Work task: Would you repeat word for word the lines of the listing that follows, from the one with "最后,与会人员学习讨论了中央" up to and including the one with "This FR jean", and leave out the images?

BEGIN Data for review

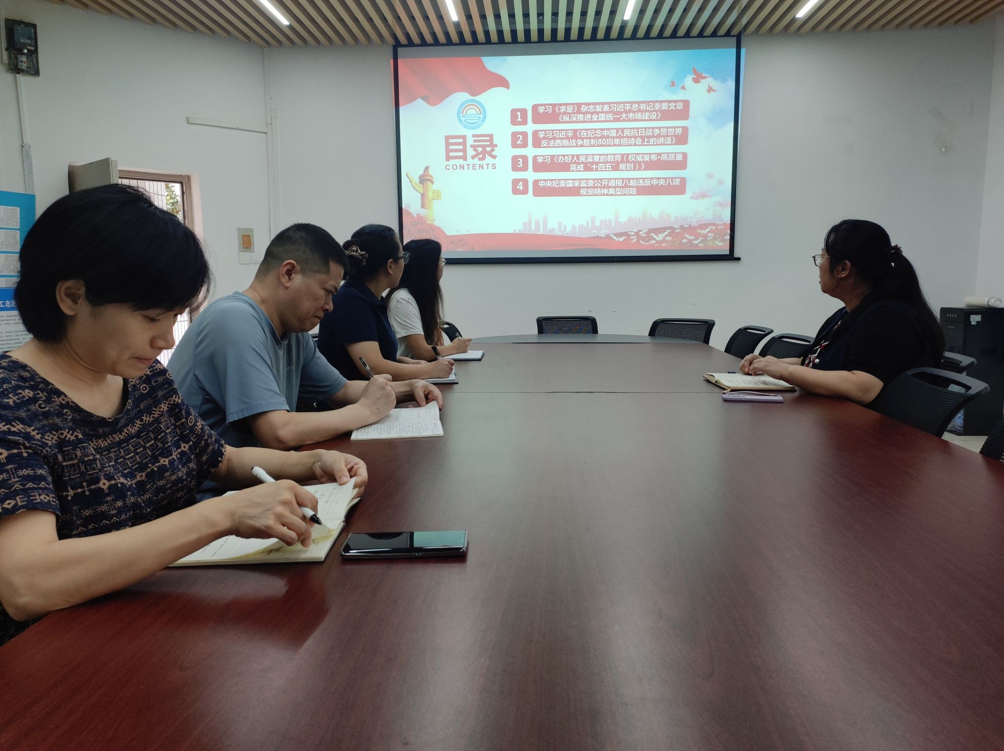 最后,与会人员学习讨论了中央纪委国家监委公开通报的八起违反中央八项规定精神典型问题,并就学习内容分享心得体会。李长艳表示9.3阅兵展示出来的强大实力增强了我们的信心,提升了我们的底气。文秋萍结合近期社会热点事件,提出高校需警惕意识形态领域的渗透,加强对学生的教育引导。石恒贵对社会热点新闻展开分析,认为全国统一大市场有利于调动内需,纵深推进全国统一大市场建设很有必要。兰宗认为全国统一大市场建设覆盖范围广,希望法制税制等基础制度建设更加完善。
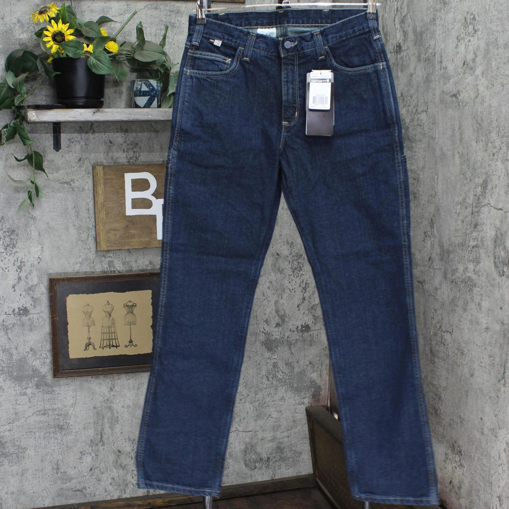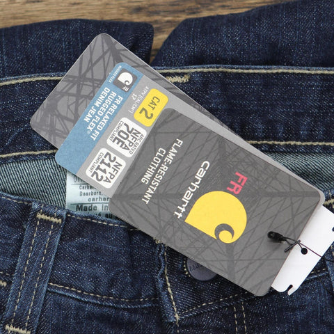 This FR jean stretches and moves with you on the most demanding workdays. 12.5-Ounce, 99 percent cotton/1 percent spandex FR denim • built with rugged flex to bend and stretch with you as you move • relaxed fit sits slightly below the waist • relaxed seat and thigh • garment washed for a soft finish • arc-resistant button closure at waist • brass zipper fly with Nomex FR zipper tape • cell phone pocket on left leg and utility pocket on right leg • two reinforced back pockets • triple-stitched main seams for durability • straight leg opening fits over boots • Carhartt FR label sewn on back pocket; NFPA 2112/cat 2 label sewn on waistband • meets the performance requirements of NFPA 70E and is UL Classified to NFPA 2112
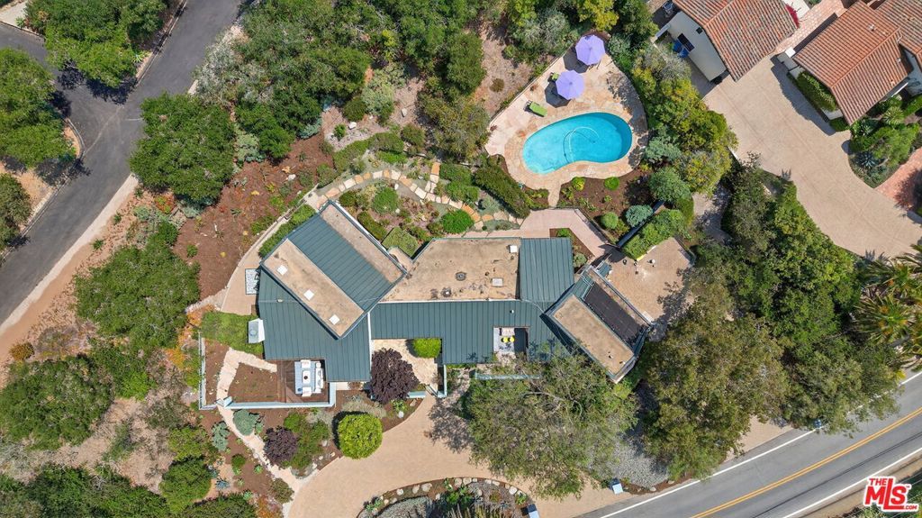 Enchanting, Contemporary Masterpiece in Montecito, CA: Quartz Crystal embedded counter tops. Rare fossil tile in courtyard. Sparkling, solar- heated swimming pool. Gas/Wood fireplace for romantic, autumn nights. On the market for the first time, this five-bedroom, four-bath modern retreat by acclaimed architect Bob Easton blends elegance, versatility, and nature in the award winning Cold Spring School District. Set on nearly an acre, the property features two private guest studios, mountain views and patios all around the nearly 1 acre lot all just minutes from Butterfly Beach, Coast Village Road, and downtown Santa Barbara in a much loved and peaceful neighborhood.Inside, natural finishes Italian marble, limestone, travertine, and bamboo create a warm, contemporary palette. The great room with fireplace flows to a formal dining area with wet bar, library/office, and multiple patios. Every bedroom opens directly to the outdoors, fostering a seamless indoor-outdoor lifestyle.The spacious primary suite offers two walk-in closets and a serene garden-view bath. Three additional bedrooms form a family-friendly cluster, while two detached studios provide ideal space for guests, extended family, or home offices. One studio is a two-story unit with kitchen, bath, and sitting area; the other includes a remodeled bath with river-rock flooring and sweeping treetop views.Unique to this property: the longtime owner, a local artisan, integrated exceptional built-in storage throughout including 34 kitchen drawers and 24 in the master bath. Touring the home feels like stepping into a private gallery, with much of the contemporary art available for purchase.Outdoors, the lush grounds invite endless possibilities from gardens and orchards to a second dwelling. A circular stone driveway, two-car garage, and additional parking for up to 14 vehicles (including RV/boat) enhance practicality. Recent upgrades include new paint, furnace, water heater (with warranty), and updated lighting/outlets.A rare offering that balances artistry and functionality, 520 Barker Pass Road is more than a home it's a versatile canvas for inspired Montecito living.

END Data for review
BEGIN Data for review

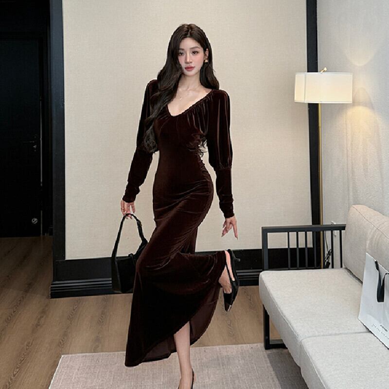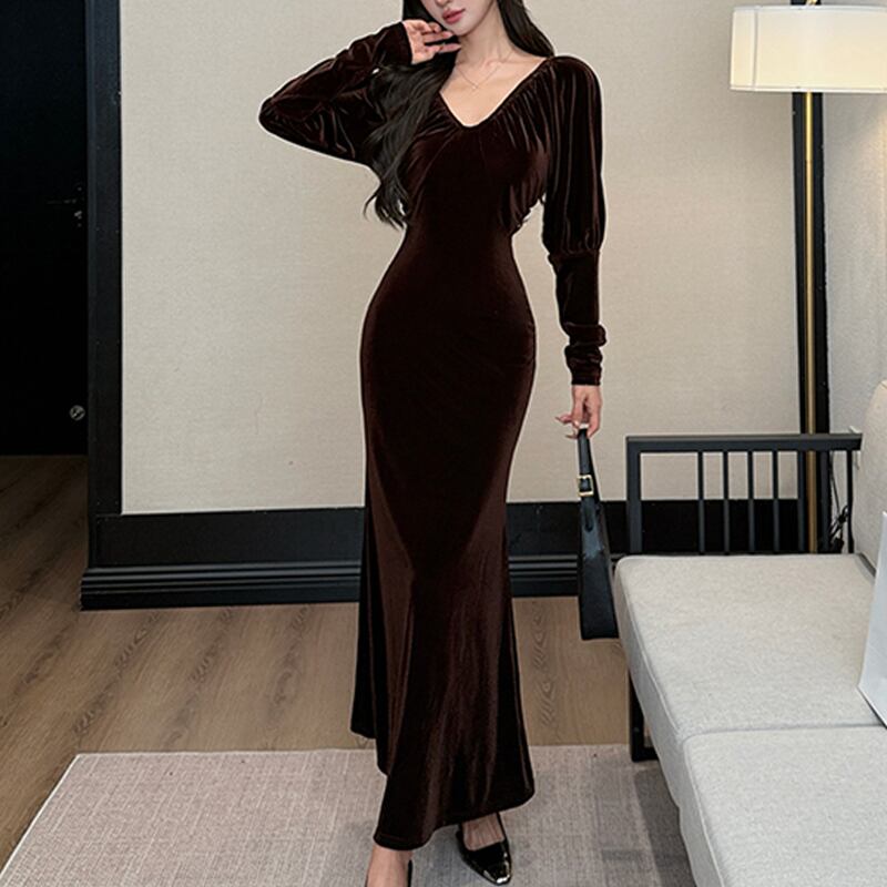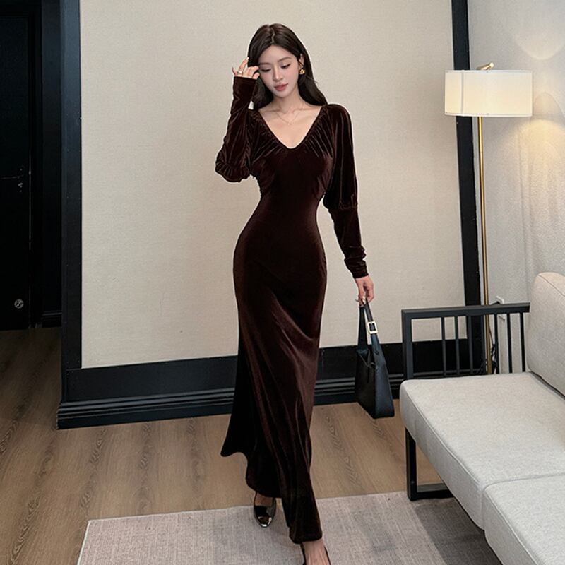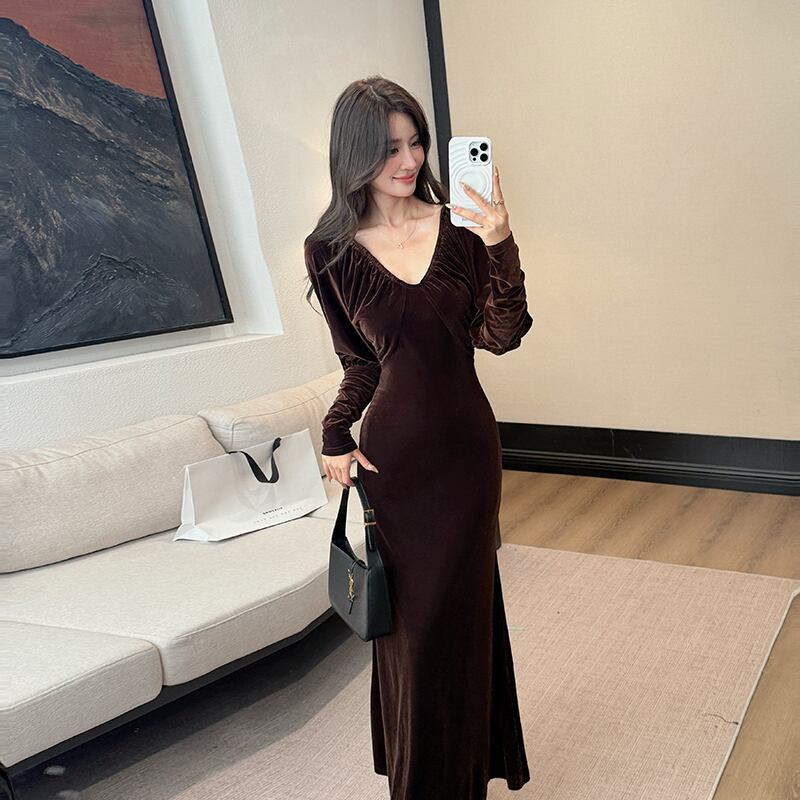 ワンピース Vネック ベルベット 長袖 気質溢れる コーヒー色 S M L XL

END Data for review

Solution to this task:
 最后,与会人员学习讨论了中央纪委国家监委公开通报的八起违反中央八项规定精神典型问题,并就学习内容分享心得体会。李长艳表示9.3阅兵展示出来的强大实力增强了我们的信心,提升了我们的底气。文秋萍结合近期社会热点事件,提出高校需警惕意识形态领域的渗透,加强对学生的教育引导。石恒贵对社会热点新闻展开分析,认为全国统一大市场有利于调动内需,纵深推进全国统一大市场建设很有必要。兰宗认为全国统一大市场建设覆盖范围广,希望法制税制等基础制度建设更加完善。
 This FR jean stretches and moves with you on the most demanding workdays. 12.5-Ounce, 99 percent cotton/1 percent spandex FR denim • built with rugged flex to bend and stretch with you as you move • relaxed fit sits slightly below the waist • relaxed seat and thigh • garment washed for a soft finish • arc-resistant button closure at waist • brass zipper fly with Nomex FR zipper tape • cell phone pocket on left leg and utility pocket on right leg • two reinforced back pockets • triple-stitched main seams for durability • straight leg opening fits over boots • Carhartt FR label sewn on back pocket; NFPA 2112/cat 2 label sewn on waistband • meets the performance requirements of NFPA 70E and is UL Classified to NFPA 2112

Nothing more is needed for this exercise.